Interest rate swaps: financial tool of the '90s - includes related article

Healthcare Financial Management, Nov, 1993 by Mark A. Woodard

The three most common indices are the Public Securities Association (PSA) municipal index, the JJ Kenny municipal index, and the London InterBank Offered Rate (LIBOR). Each has its advantages. By far the greatest number of swaps overall are based on LIBOR and the fewest based on the PSA index. This fact increases liquidity and lowers costs for LIBOR-based swaps. The PSA index is thought to have the closest correlation to true short-term municipal interest rates, with LIBOR having the least. To choose the appropriate index, hospital financial managers must decide how important it is to have variable rates based on a tax-exempt index.

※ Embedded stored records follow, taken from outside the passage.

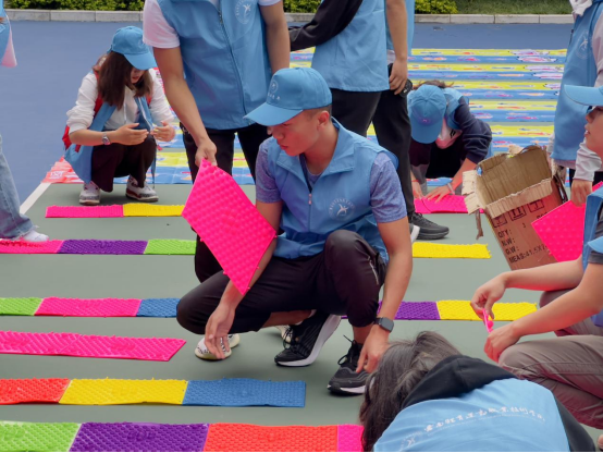 活动前,我院志愿者布置场地、铺设道具,大家分工合作,秉持着“修身励志,崇实尚行”的校训,以饱满的精神状态服务大家,这既展示了云南体职院学子的精气神,也为趣味运动会的开始做好了充足的准备。
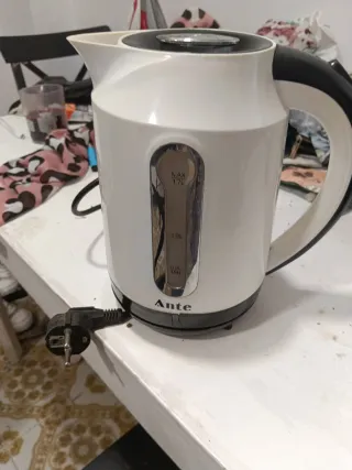 Hervidor de agua eléctrico de la marca Ante. Su diseño moderno y funcional lo hace ideal para cualquier cocina. - Capacidad máxima de 1.7 litros. - Indicador de nivel de agua. - Base giratoria de 360 grados. - Apagado automático.
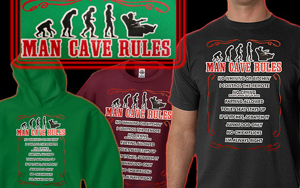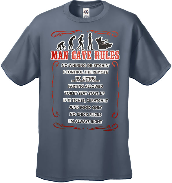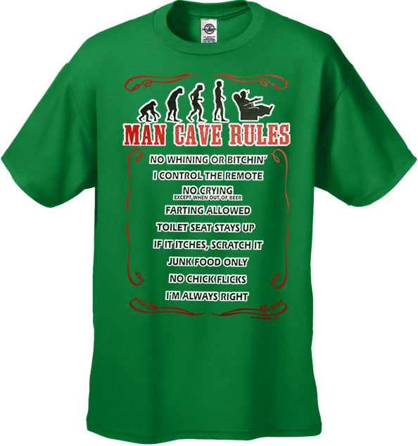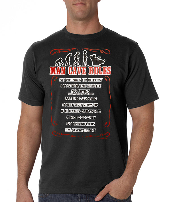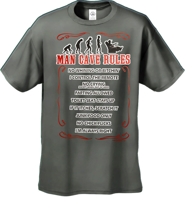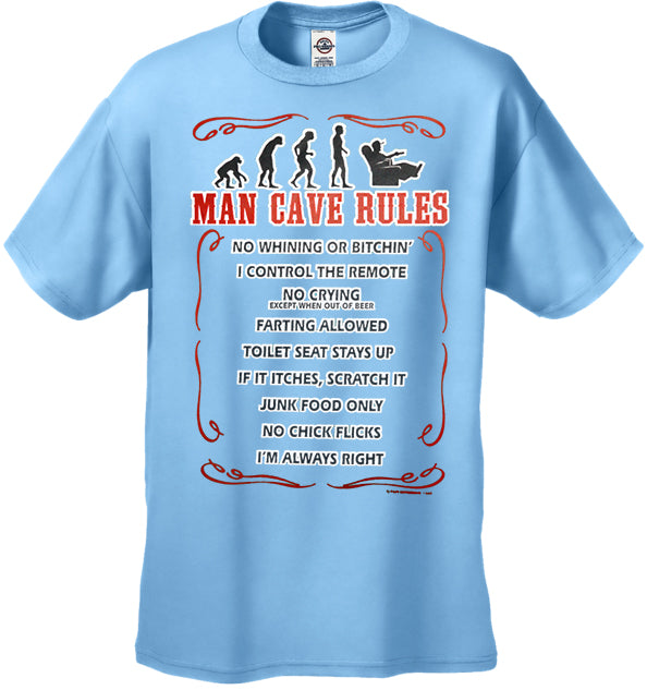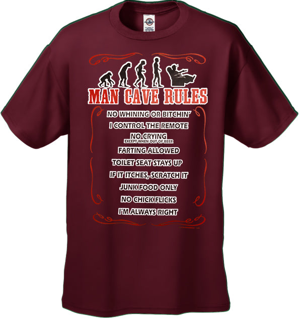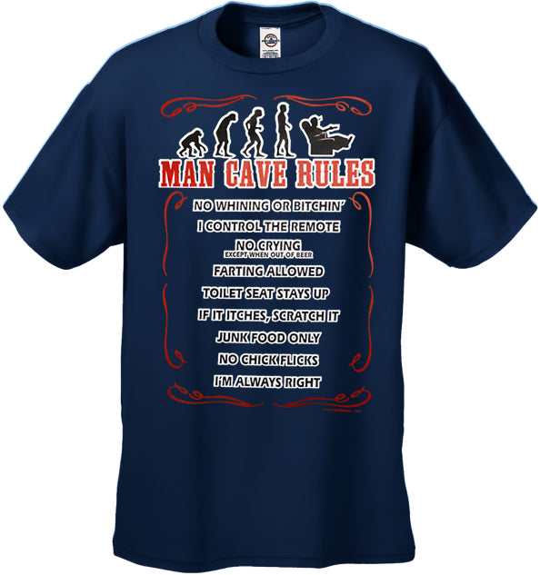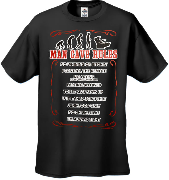 This classic 100% Cotton style Man Cave Rules Men's T-Shirt is a great choice for anyone. This shirt has been screen printed with a list of rules for the Man...

The two parties to the swap agree on a principal amount of the swap (called the "notional" amount), but principal does not change hands. On an agreed upon set of dates, the parties calculate the amount that has accrued on the variable rate part of the swap and compare that to the amount that has accrued on the fixed rate part. To simplify the payment process, the payments are netted against each other, with only the party owing more to the other making a net payment.

Swaps have been executed with widely varying maturities. The most common maturity period is between three and 10 years. Some swaps have been executed over 30 years, though swaps with a long final maturity frequently require additional security provisions or credit enhancement.

Risks inherent in swaps

There are three risks in the swap structure: counterparty default, early cancellation fees in event of hospital default, and unanticipated interest rate exposure in the event of early termination. In addition, there are different risks in floating-to-fixed swaps than from fixed-to-floating swaps.

Counterparty default. The counterparty is generally a financial institution, and there is no guarantee that it will not default. Despite the obligation of the counterparty to make swap payments in certain circumstances, the requirement of the hospital to make debt service payments is not discharged. As a result, default of the counterparty effectively voids the swap but has no impact on the hospital's obligation to pay debt service on any outstanding debt regardless of whether the outstanding debt is fixed or variable.

One factor in assessing counterparty risk is the rating of the counterparty assigned by the rating agencies. Most financial institutions (with some notable exceptions) are currently rated in the "A" range. To decrease counterparty risk, some investment banks have established new subsidiaries rated substantially higher than the investment banks themselves, even as high as AAA/Aaa. In addition, some bond insurance companies have offered to insure counterparties, which has the effect of raising the counterparty's ratings to AAA/Aaa, though the practice is not yet widespread. In any event, it is not enough to execute a swap with a well-known financial institution. The ratings and the specific subsidiary of the counterparty are important.

Hospital default. The swap may terminate before its maturity in the event of hospital default, even in a technical default while payments are still current. The party that defaults under the swap must compensate the nondefaulting party for the cost of procuring a substitute swap, which is called a cancellation fee. Depending on how interest rates have moved since the execution of the swap, the cancellation fee may be substantial. From the hospital's point of view, this feature is unattractive; at precisely the time the hospital is having difficulties, it may have to pay a large fee in order to cancel the swap and then expose itself to unanticipated interest rate risk. However, some hospitals believe that the likelihood of a default over the term of the swap is so small that this risk is worth bearing.